── Dataset section ──

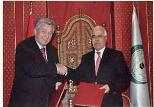
A cooperation protocol was signed between IRCICA and MANU
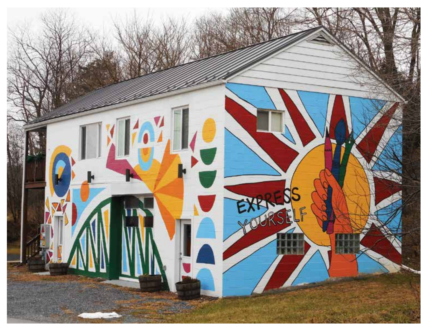
Volunteers from ages 4 to 74 helped paint Jenn Lockwood's largest mural in Capon Bridge.
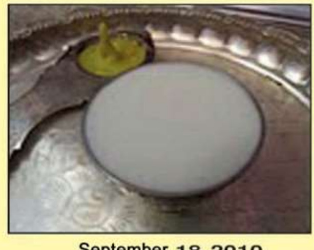
September 18, 2010
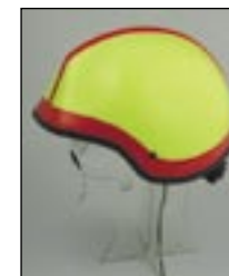
R7G Dennie Stripe Paint Design Illustrated

───

• _Assignment_
Given the listing above, return exactly, and only, the lines from the line with "Volunteers from ages" through its final line, both included, with the pictures removed.

• _Response area_
Volunteers from ages 4 to 74 helped paint Jenn Lockwood's largest mural in Capon Bridge.
September 18, 2010
R7G Dennie Stripe Paint Design Illustrated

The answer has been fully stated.